I'm in a pistachio mood :)
Makes 4 creme brulee, (here : ramekins 10 cm diameter and 2,5 cm depth)
Ingredients :
- 50 cl cream
- 5 egg yolks
- 75 gr sugar
- 85 gr pistachio paste (check out the recipe : click!)
- 4 tbsp brown sugar
In a large bowl, beat the egg yolks with the sugar.
yolks and sugar (clearly: the base of pastry lol) |
Bring the cream to a simmer with the pistachio paste, then pour it over the previous mixture, stir until homogeneous (avoid the bubbles, so do not whip).

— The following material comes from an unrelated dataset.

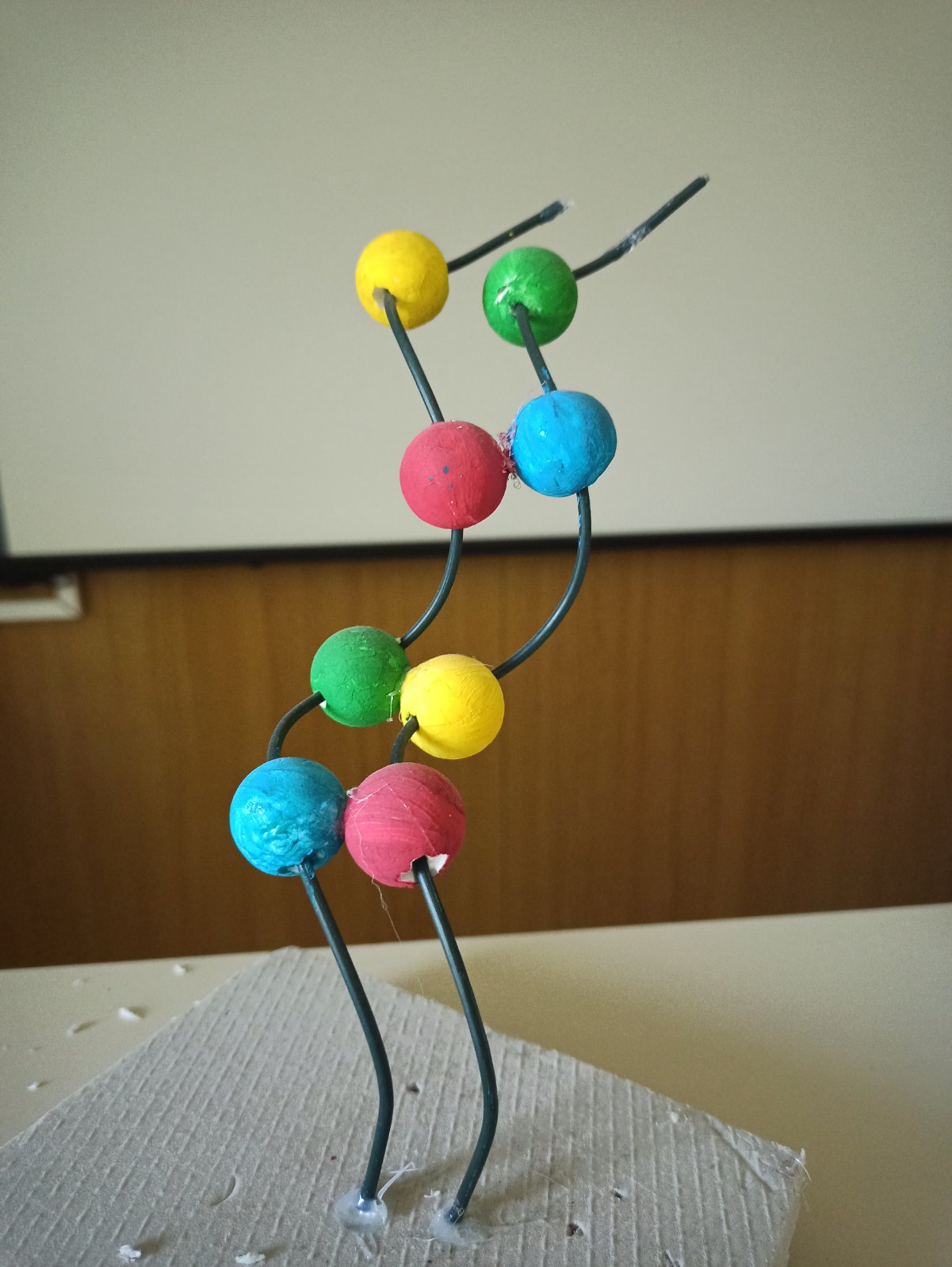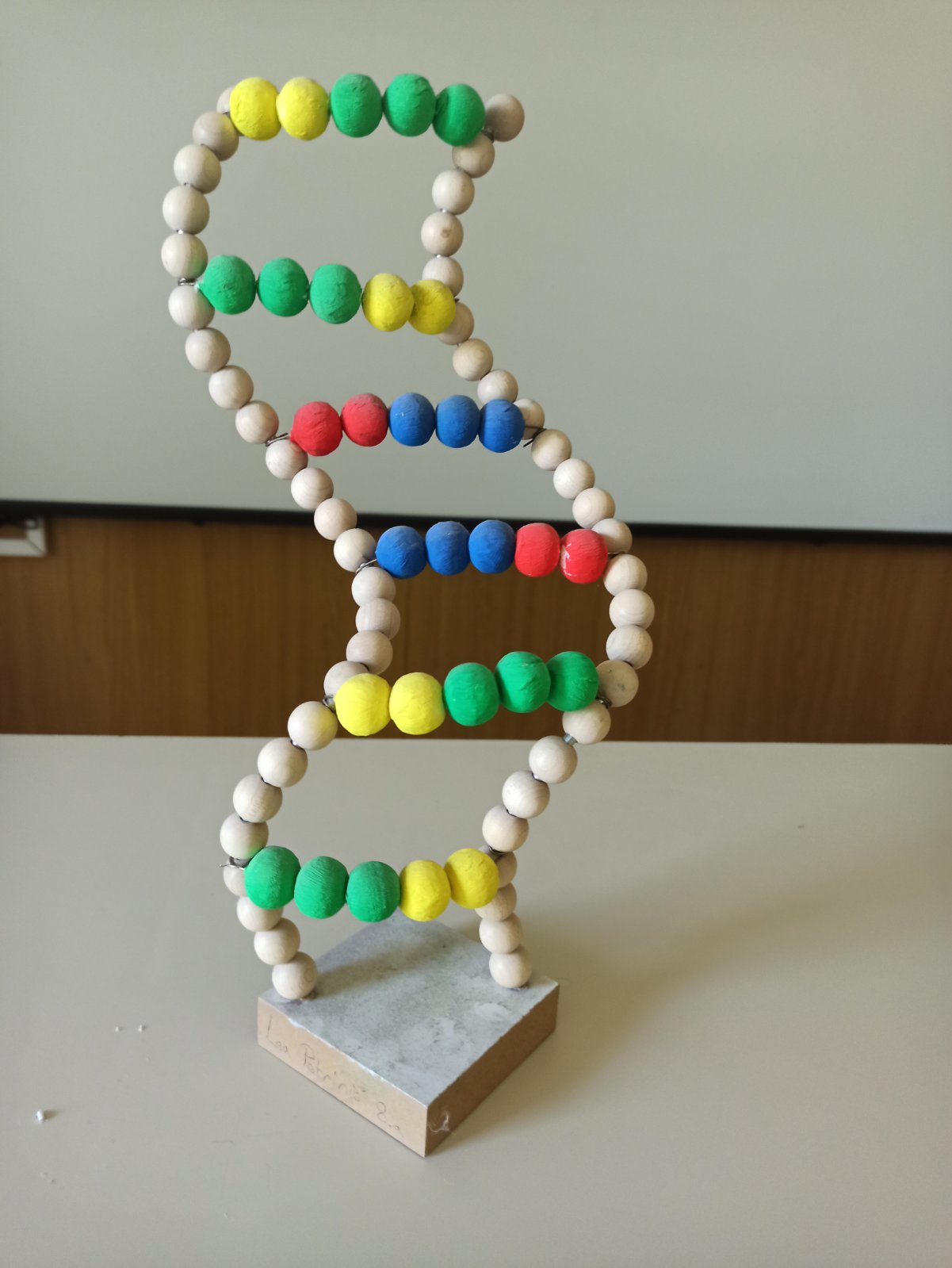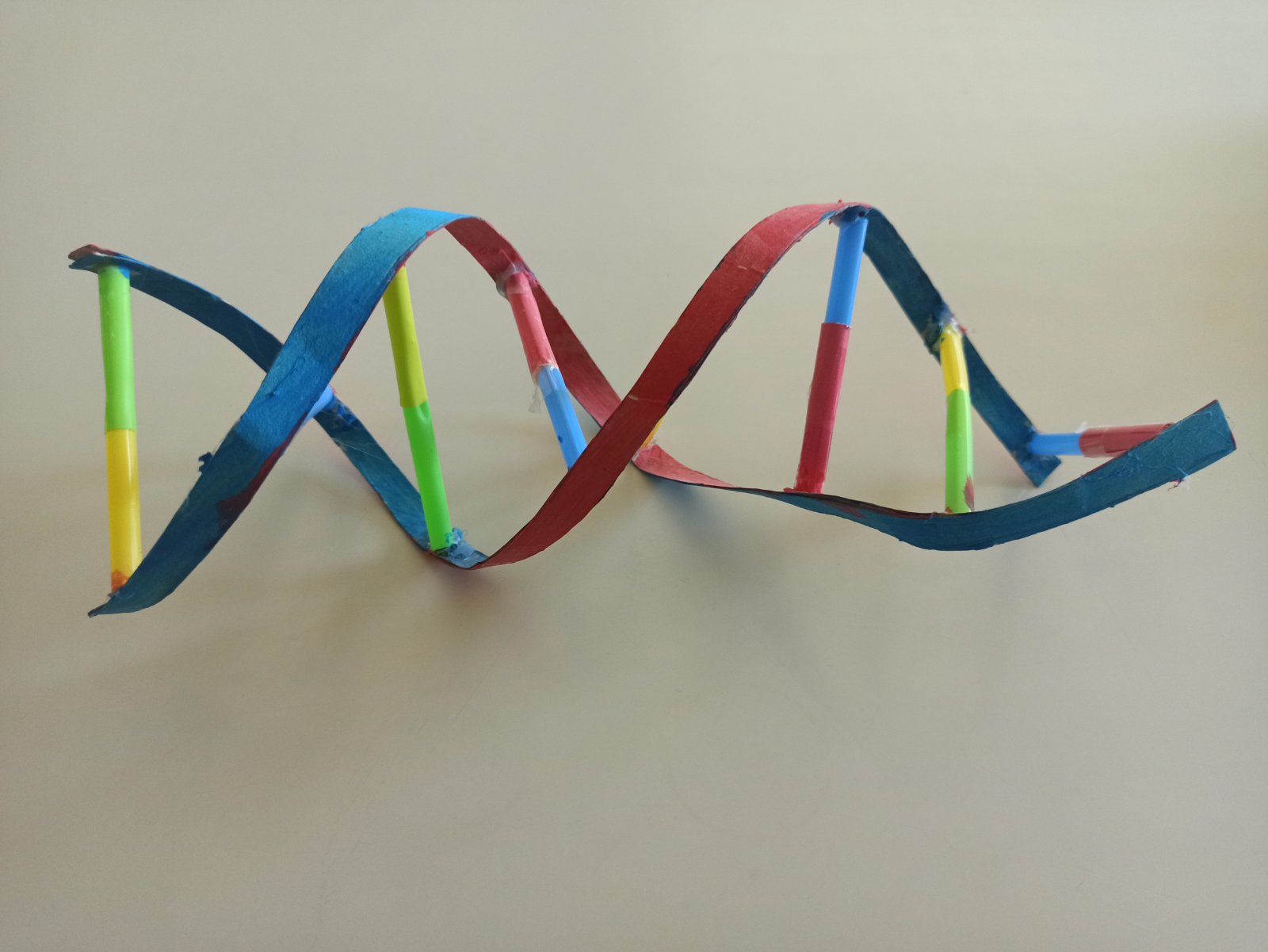 Vanjske linije koje učenici formiraju predstavljaju šećerno-fosfatnu okosnicu. Vizualni kontrast između stabilne vanjštine i informacijske unutrašnjosti jasno pokazuje način organizacije molekule.

the cream with the pistachio paste |
Pass the custard through a sieve.
the pistachio paste has to be very fine so there will be almost any waste |
And pour it in the ramekins almost to the top.
Here in a water bath. The ramekins should go to the oven without any bubbles ! |
Bake in preheated oven (low heat, about 125°C/260°F ) in a water bath for about 45 min to 1 hour (the custard must not boil). When done they still should tremble a bit (they'll thicken in the fridge)
Remove from the oven, allow to cool and then refrigerate for at least 2 hours.
50 min later, they still tremble a bit but they actually shouldn't have turned brown... my indomitable oven doesn't love me, you already know that :) |
When ready to serve, spread evenly a thin layer of brown sugar on the top of the creams, then use a blow torch to caramelize (don't burn too much or else it'll get really bitter).
the thing ! |
Enjoy !
And next time I absolutely have to try to make a "crème brulée à la confiture de lait" (milk jam creme brulee). I ate it one time in the restaurant Barrio Latino in Paris and since then I never forgot this taste and texture !!!